Light Rare Earths (LREE)
Lanthanum, cerium, praseodymium, neodymium, promethium, and samarium (atomic numbers 57-62). LREEs are typically more abundant and easier to extract than HREEs. They co-occur in most REE ores. Industrial markets focus on catalysis (La, Ce), permanent magnets (Nd, Pr, Sm), and alloys. Nd and Pr are also magnet REEs.
Key characteristics:
- Lower production costs than HREEs.
- Higher market volumes.
- Lower price volatility (often cheaper than HREEs).
- Wider end-market applications.
- Nd and Pr blur into magnet REE bucket due to NdFeB dominance.
Heavy Rare Earths (HREE)
Europium, gadolinium, terbium, dysprosium, holmium, erbium, thulium, ytterbium, and lutetium (atomic numbers 63-71). HREEs are more scarce, higher cost to process, and command premium prices. Supply concentration outside China is minimal. Dy and Tb face tight supply due to magnet demand.
Key characteristics:
- Lower ore abundance.
- More difficult separation chemistry.
- Higher production costs.
- Limited alternative supply sources outside China.
- Dy and Tb supply constraints drive premium prices during demand spikes.
Magnet REEs: The Investment Hotspot
Neodymium, praseodymium, dysprosium, and terbium. These four elements are critical for permanent magnet manufacturing, particularly neodymium-iron-boron (NdFeB) magnets used in electric vehicle motors and wind turbine generators. Magnet REEs face the tightest supply constraints and the strongest demand growth.
Learn more about magnet REE investing
Why "Rare" Is Misleading for Investors
Rare earth elements are not rare in the Earth's crust. Cerium is more abundant than copper. Yttrium is as abundant as lead. The term "rare earth" originated in the 18th century when these elements were first discovered in rare minerals. The name stuck, even though it became inaccurate.
The real scarcity is not elemental but structural:
Mining Scarcity
REE ores are geographically concentrated. China, Vietnam, and a few other nations control major deposits.
Processing Scarcity
Separation and refining capacity is highly concentrated, especially in China.

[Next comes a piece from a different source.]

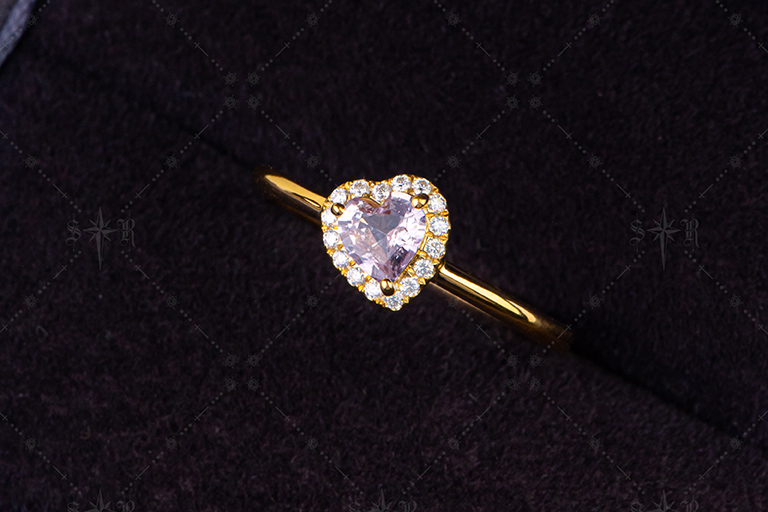 不规则的爱心像手写的情书,带着一点任性与温柔。 中央那枚帕帕拉恰蓝宝石泛着独特的粉橙调,像是黄昏里的一抹羞涩;周围以密集小钻环绕,围钻如光的微粒,在指间流动,既闪耀又不张扬。 9K金细致托镶,线条纤细轻盈,适合日常单独佩戴或与其他戒指叠戴,呈现出甜美而大方的气质。 现为14号戒圈,可按需改圈,既是自赏也可作礼赠,给平凡日子添一抹温柔光芒。 此款为我们原创常规可选款,现有一枚成品现货。 若需更换主石可联系客服定制同款(主石需另行购买)。 直接选款定制,不仅可以免设计费,而且出货更快;同时因主石不同,最终成品虽款式相同,却每一枚都是独一无二的。 我们可按您的戒圈号重新建模,材质可选9k/14k/18k,欢迎咨询匹配您心意的宝石。

Building new capacity is capital-intensive and technically challenging.
End-Market Scarcity
Specific elements (Dy, Tb for high-temp magnets) face genuine supply constraints when downstream demand (EV, wind) accelerates.

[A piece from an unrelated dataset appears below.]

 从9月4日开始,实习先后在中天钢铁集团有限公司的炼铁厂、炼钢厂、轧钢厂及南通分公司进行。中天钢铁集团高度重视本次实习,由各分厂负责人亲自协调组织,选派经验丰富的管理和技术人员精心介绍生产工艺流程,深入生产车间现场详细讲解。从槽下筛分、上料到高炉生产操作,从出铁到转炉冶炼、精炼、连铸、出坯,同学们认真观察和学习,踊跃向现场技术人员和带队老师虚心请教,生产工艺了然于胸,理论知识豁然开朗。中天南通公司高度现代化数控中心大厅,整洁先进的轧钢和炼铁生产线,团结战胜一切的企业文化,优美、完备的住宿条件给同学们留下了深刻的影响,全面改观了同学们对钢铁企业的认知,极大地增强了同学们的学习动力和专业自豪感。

Common Forms and Processing Stages
REE products come in various forms depending on processing stage:
- Ore concentrate: Mining output, typically 60-70% REE oxide equivalent. Sold to separators.
- REE oxide: Separated element in oxide form. Intermediate product between concentrate and metal.
- REE metal: Pure metallic form. Higher value, lower volume. Used in alloys and some magnets.
- Alloys: NdFeB magnets, SmCo magnets, and other pre-formed products for end-users.
Investors should track which companies operate at which stage. Miners sell concentrate. Separators produce oxides and metals. Magnet makers use alloys or refined metals.
Investable Elements vs. Niche Elements
Not all 17 REEs warrant dedicated investing attention. Promethium is radioactive and produced in tiny quantities. Several HREEs (Ho, Er, Tm, Lu) have niche applications with limited market liquidity.
Focus your analysis on:
- Magnet REEs: Nd, Pr, Dy, Tb. Strongest demand growth and supply constraints.
- Major LREEs: La, Ce, Nd, Pr. Largest production volumes and market visibility.
- Supply-constrained HREEs: Dy, Tb, Eu. Tightest supplies and highest volatility.
- Sc and Y: Independent supply chains worth tracking separately.
Key Takeaways
- 17 elements comprise the rare earth group. They are not actually rare in abundance.
- Scarcity is driven by mining concentration, processing bottlenecks, and geopolitical leverage.
- Magnet REEs (Nd, Pr, Dy, Tb) dominate investor attention due to EV and wind demand.
- Classification into LREE and HREE reflects both geology and economics.
- Understanding element-specific supply chains and end-markets is critical for investment thesis.